The mediation effect of the simultaneous diagnosis of MetS diseases between the Medical Aid beneficiaries and the stroke incidence. MetS metabolic syndrome, aHR adjusted hazard ratio, CI confidence interval, CCI Charlson comorbidity index, IHD Ischemic heart disease, CVD cerebrovascular disease. MetS diseases: hypertension, diabetes mellitus, dyslipidemia

Discussion

In this study, the lower-income groups had a higher risk of a simultaneous diagnosis of MetS diseases than the high-income group. The risk of simultaneous diagnosis of MetS diseases was significantly higher in all the other income groups than in the high-income group. Also, as the number of diagnosed diseases increased, the hazard risks also increased. In addition, the risk of stroke incidence was significantly higher in all the other income groups than in the high-income group. Simultaneous diagnosis of MetS diseases was a significant mediator between income level and stroke occurrence in the Medical Aid beneficiaries. The mediation proportion was 26.6% when the diagnosis of two or more MetS diseases was a mediator. In the case of diagnosis of three MetS diseases, the mediation proportion was 21.1%.
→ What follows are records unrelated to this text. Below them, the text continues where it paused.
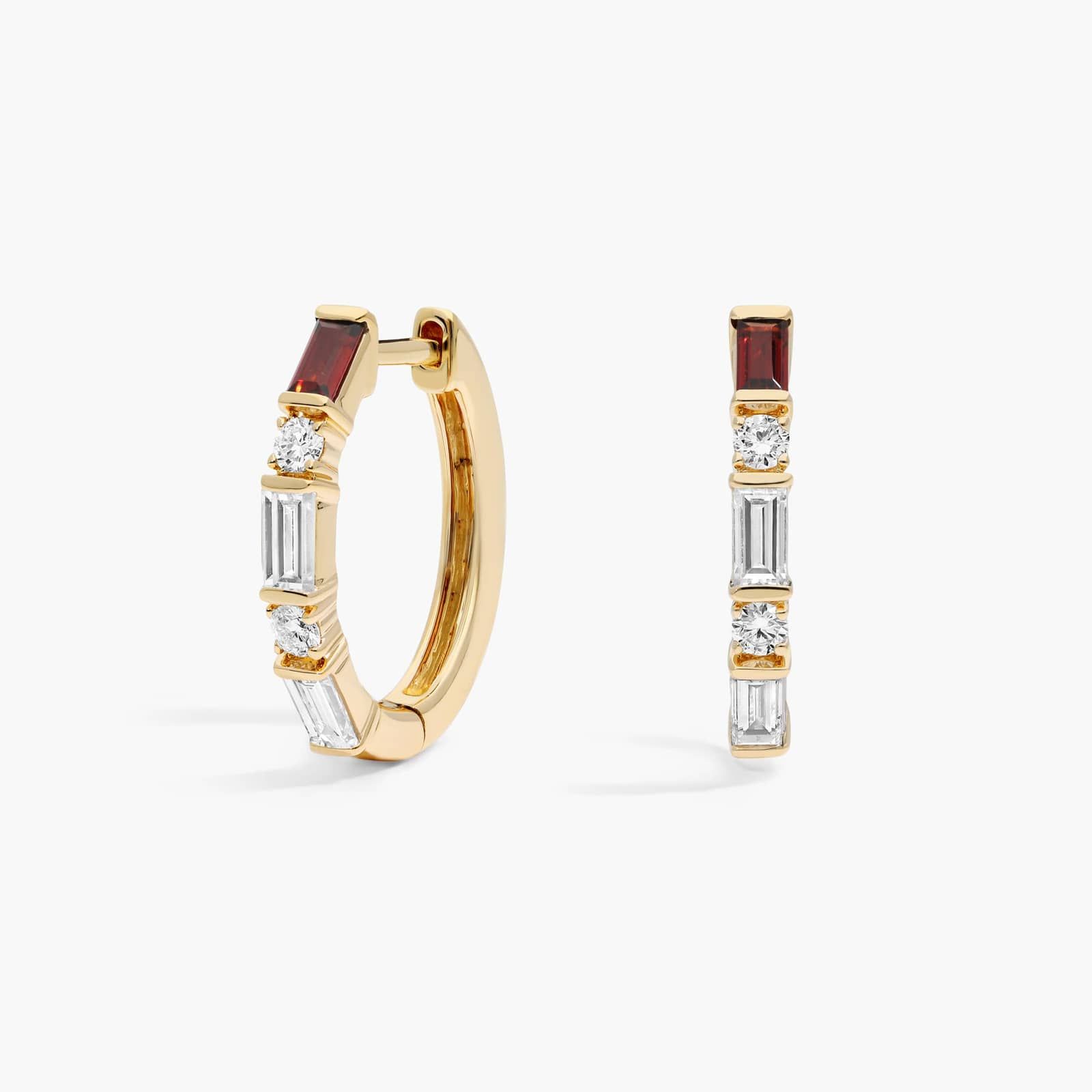 These hoop earrings bring more than 14k yellow gold and lab-grown diamond style. They also showcase personalized, special meaning with gemstone details. Choose one of 12 gemstones to set in these classic hoops. Pick a gemstone that represents your story, your family, your accomplishments, or what's uniquely important to you. Stackable and easy to care for, these personalized birthstone earrings are also excellent gifts.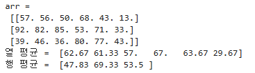 | import numpy as np, cv2 arr = np.random.rand(3, 6) * 1000//10 col_avg = cv2.reduce(arr, dim=0, rtype=cv2.REDUCE_AVG) # 행방향 축소 -> 열 평균 row_avg = cv2.reduce(arr, dim=1, rtype=cv2.REDUCE_AVG) # 열방향 축소 -> 행 평균 print('arr = \n', arr) print('열 평균 = ', col_avg.flatten().round(2)) print('행 평균 = ', row_avg.flatten().round(2)) |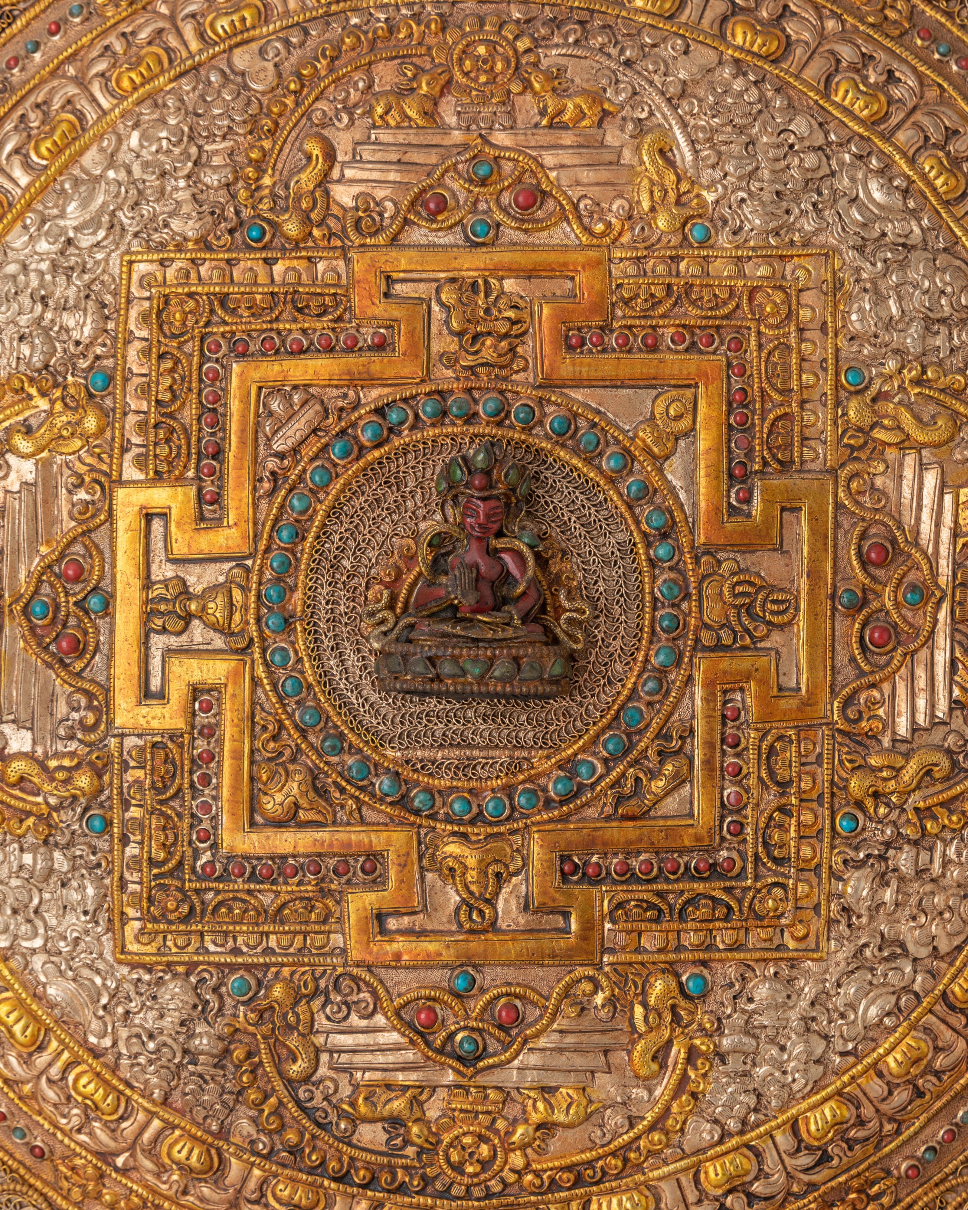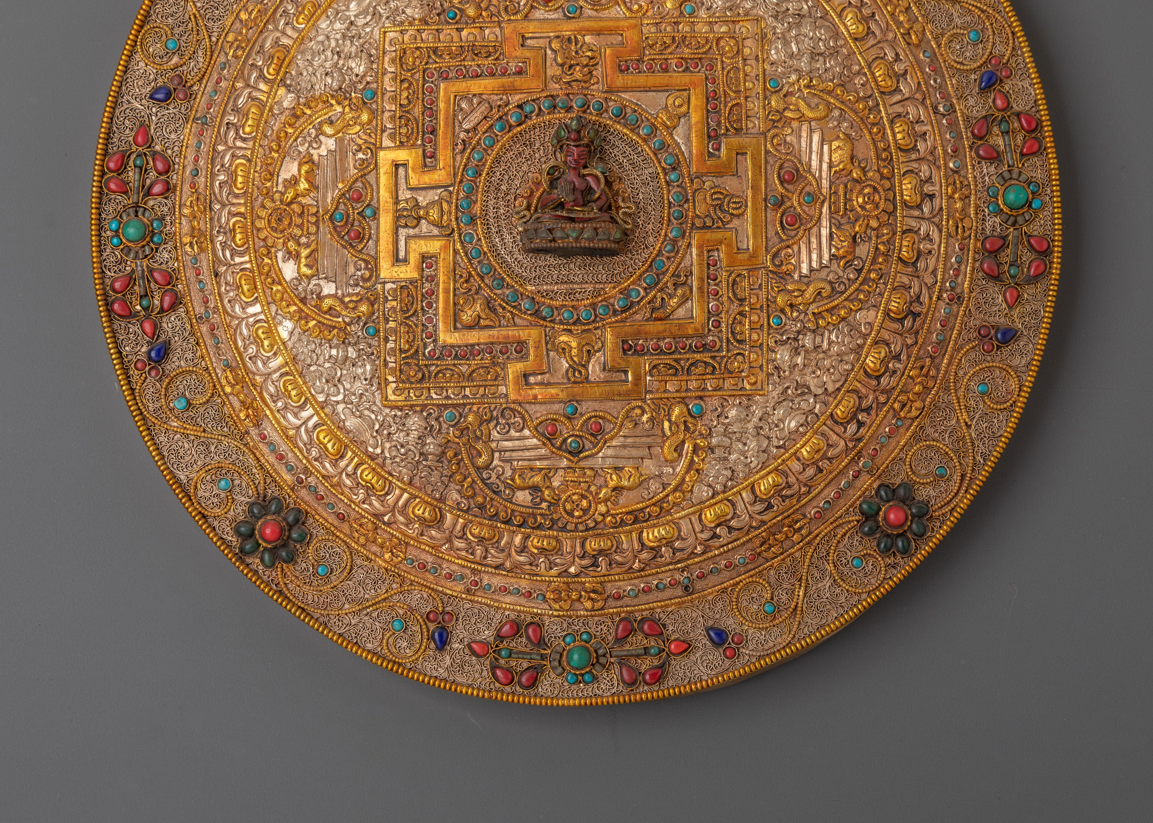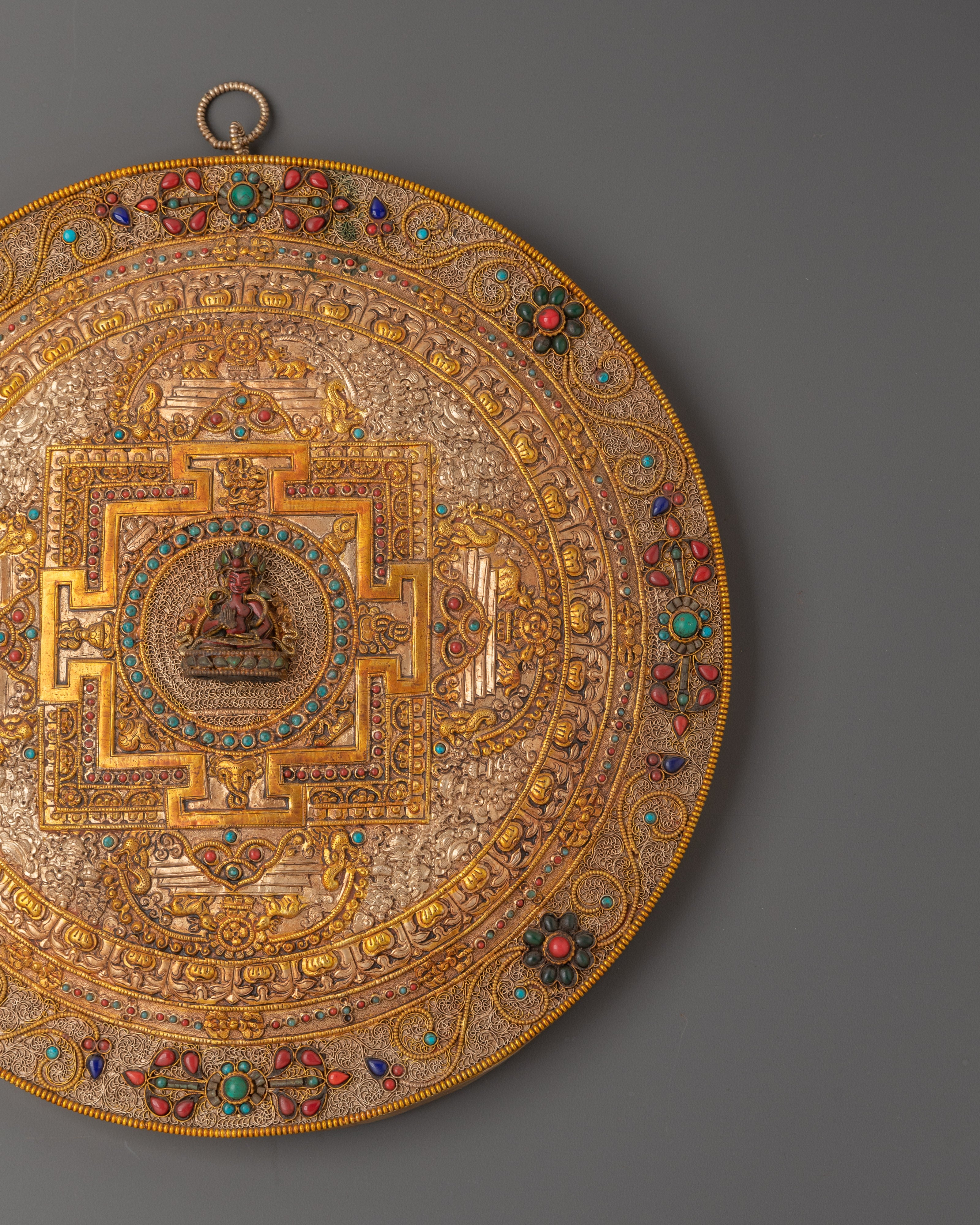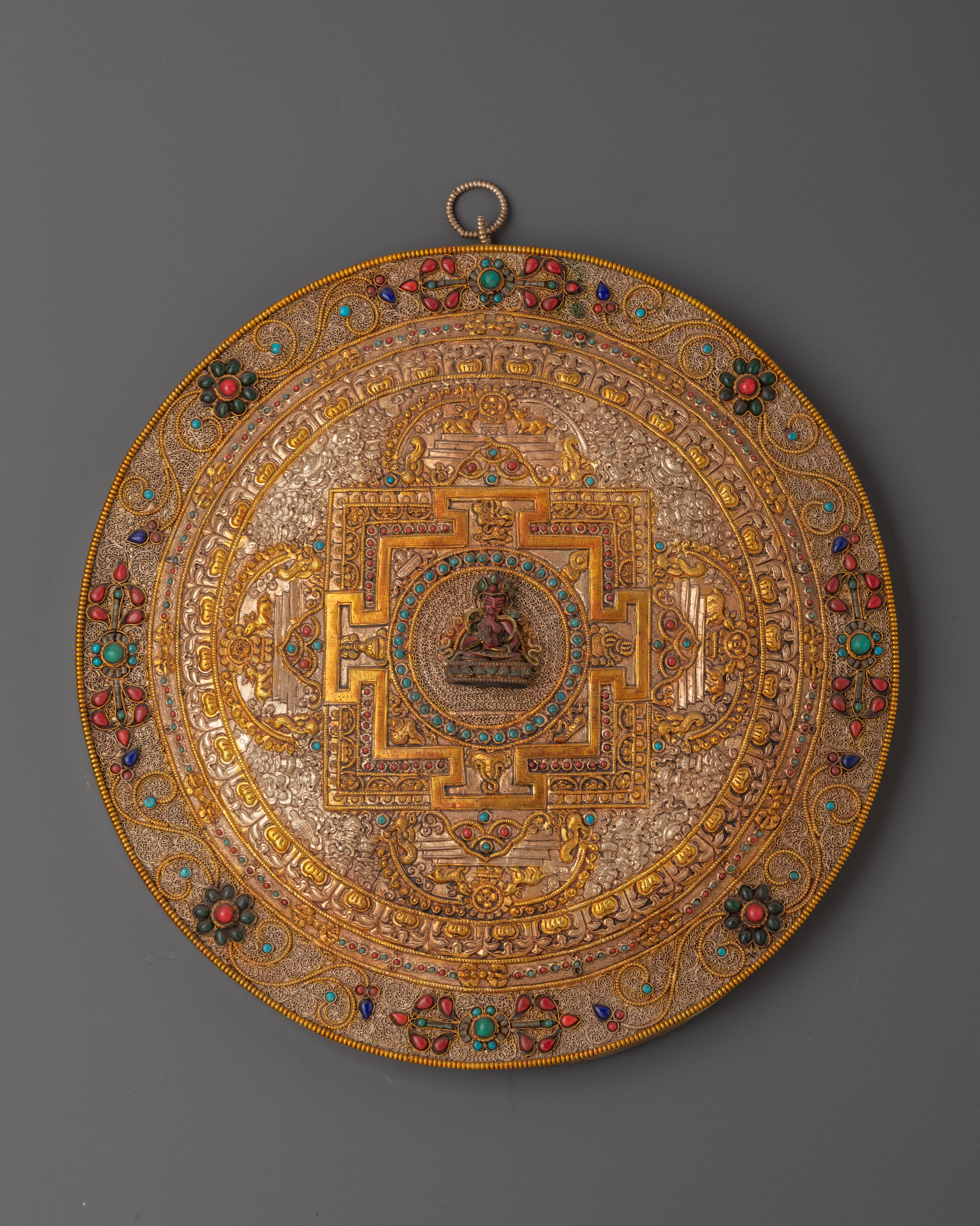 Bring home the elegance of Himalayan workmanship with this Traditional Handcrafted Wall Hanging, which is delicately constructed with holy meaning and spiritual richness. This exquisite sculpture, which measures 38cm in height and 36cm in width and weighs 1.48kg, features the original Mandala design that is commonly utilized in Buddhist meditation and rituals. The centerpiece depicts a seated Buddha image surrounded by layers of decorative geometry, which reflect the cosmos and inner serenity. Each element of the wall hanging is handcrafted from copper and then silver and gold plated for further aesthetic appeal.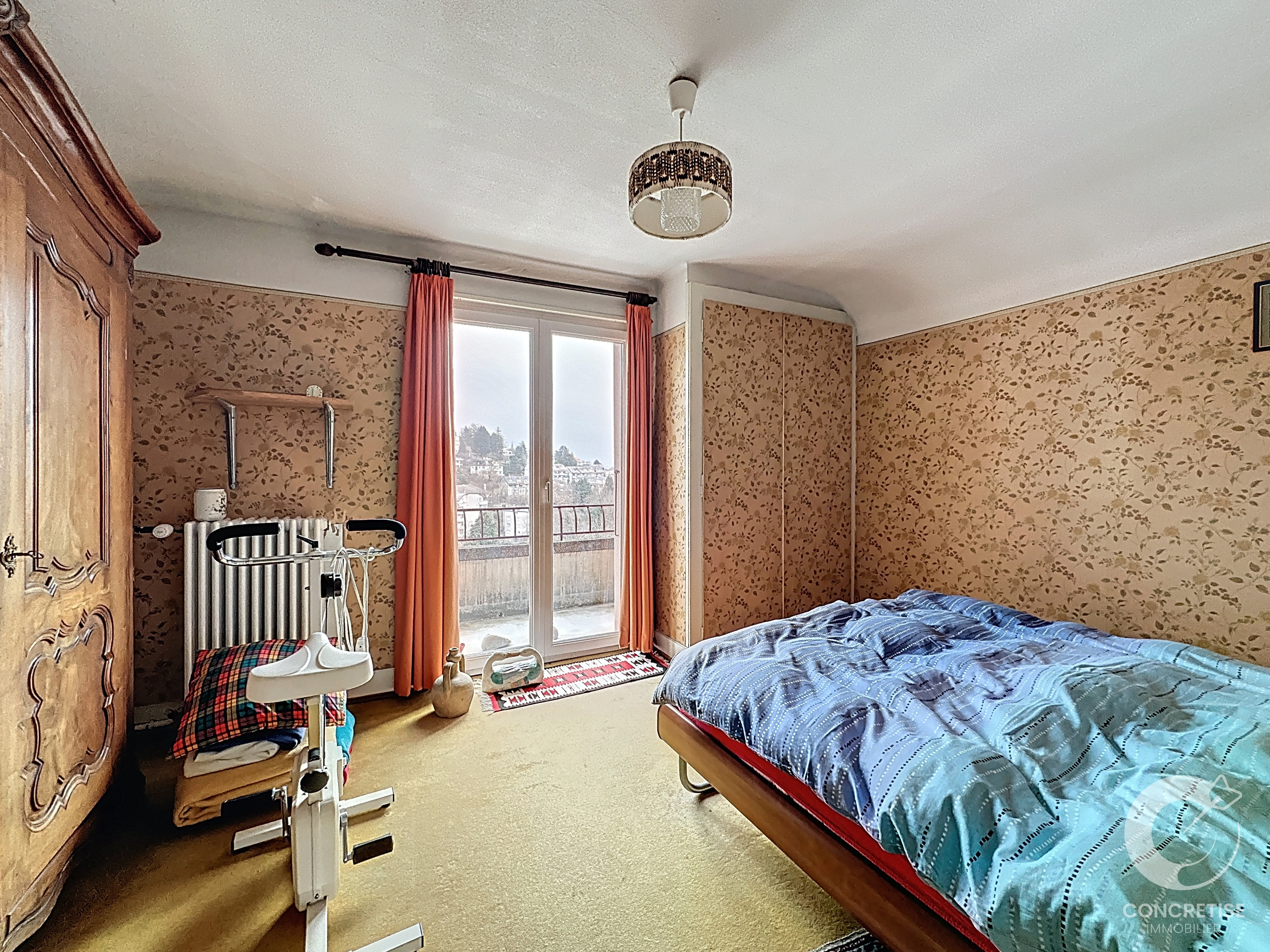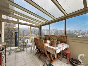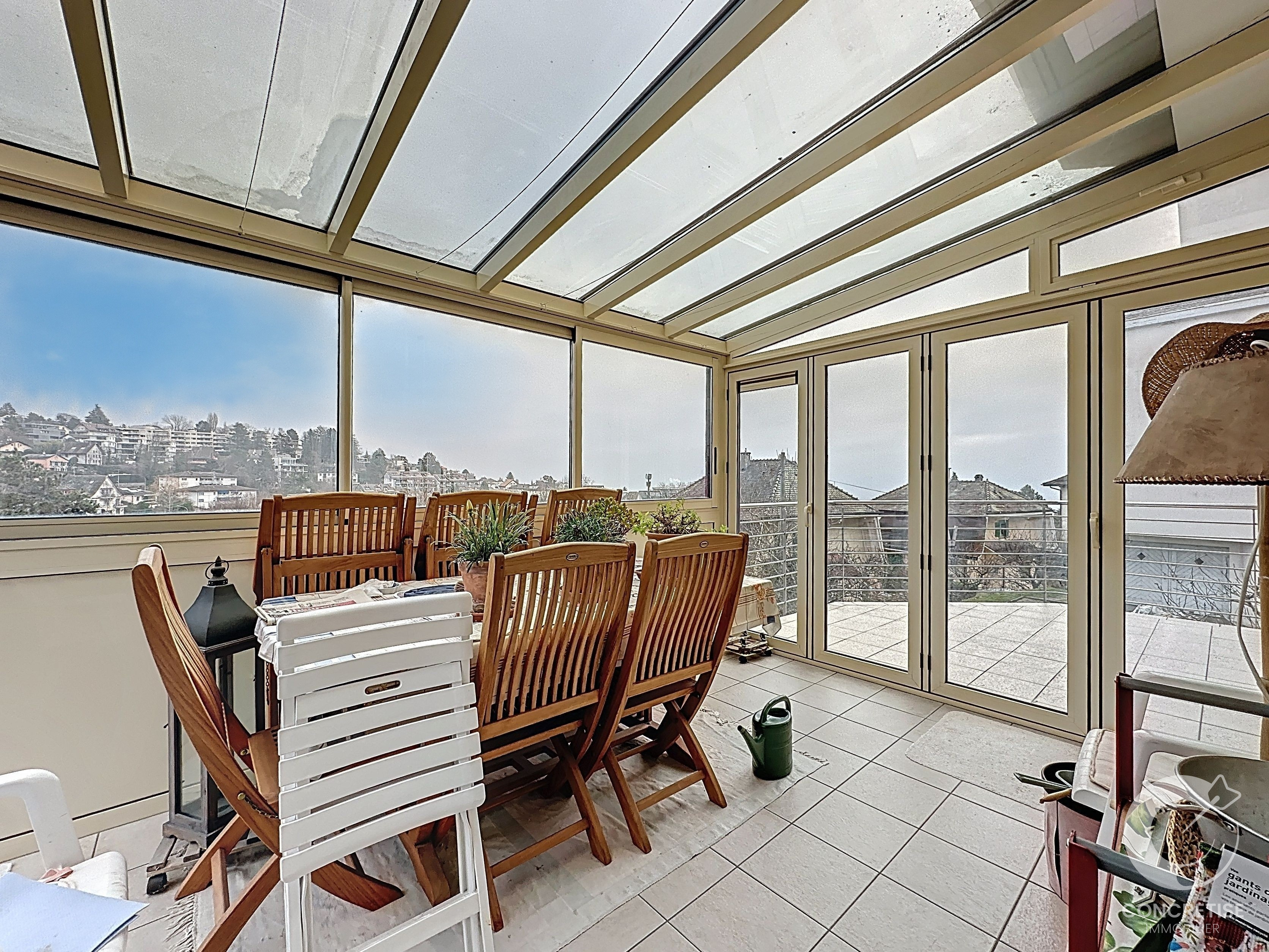 - Grand balcon avec véranda bénéficiant d’une vue dégagée sur le lac et les Alpes.

In previous studies, non-communicable diseases, especially diseases included in diagnostic criteria for metabolic syndrome such as hypertension, diabetes mellitus, and dyslipidemia, were closely related to income levels [9,10,11,12]. There was also a close association between income level and stroke incidence [14, 26,27,28]. However, there were no studies on the mediating effect of a simultaneous diagnosis of MetS diseases between income level and stroke incidence. This study found that co-diagnosis of major diseases belonging to MetS diagnostic criteria plays a significant mediator role between income level and stroke incidence with high mediation proportions (26.6% for two or more and 21.1% for three MetS diseases) in the Medical Aid beneficiaries group.

In this study, we did not directly use the diagnostic definition of MetS proposed by the American Heart Association in 2005. Instead, for the mediator variable, we made a new definition of "MetS diseases" and defined a mediator as two or three of "MetS diseases" are diagnosed simultaneously. The NHIS-NSC provides the subjects' national health check-up results, and abdominal obesity is a component of the health check-up list. However, using the health check-up data is concerned about serious selection bias because national health check-up is not mandatory, and the health check-up rate rapidly decreases as income decreases [29]. When we checked the proportion of the health check-up by the income level with this dataset, it was confirmed that the proportion of people who received a health check-up before diagnosing a stroke decreased according to their income level (the high-income group: 63.5%, the middle-income group: 60.7%, the low-income group: 54.1%, and Medical Aid beneficiaries: 46.7%). Also, since it is a one-time examination, the figures may be temporarily inaccurate. Therefore, the health check-up results were not used for this analysis, and the medical record of outpatient and inpatient treatment were used. In general, abdominal obesity does not require outpatient and inpatient treatment. For this reason, abdominal obesity was not included in the elements for the "MetS diseases." However, we assume that using this definition would be similar to using an exact definition of metabolic syndrome. Because, first, two of the five diagnostic criteria for MetS are diagnostic criteria for dyslipidemia. Furthermore, in the sensitivity analysis performed using health check-up data, there was no significant difference between the results using the definition used in this study and the result of adding abdominal obesity for an element (Additional file 1: Tables S1–S5). Therefore, we believe that the results of this study provide evidence that MetS has a mediating effect between income level and stroke.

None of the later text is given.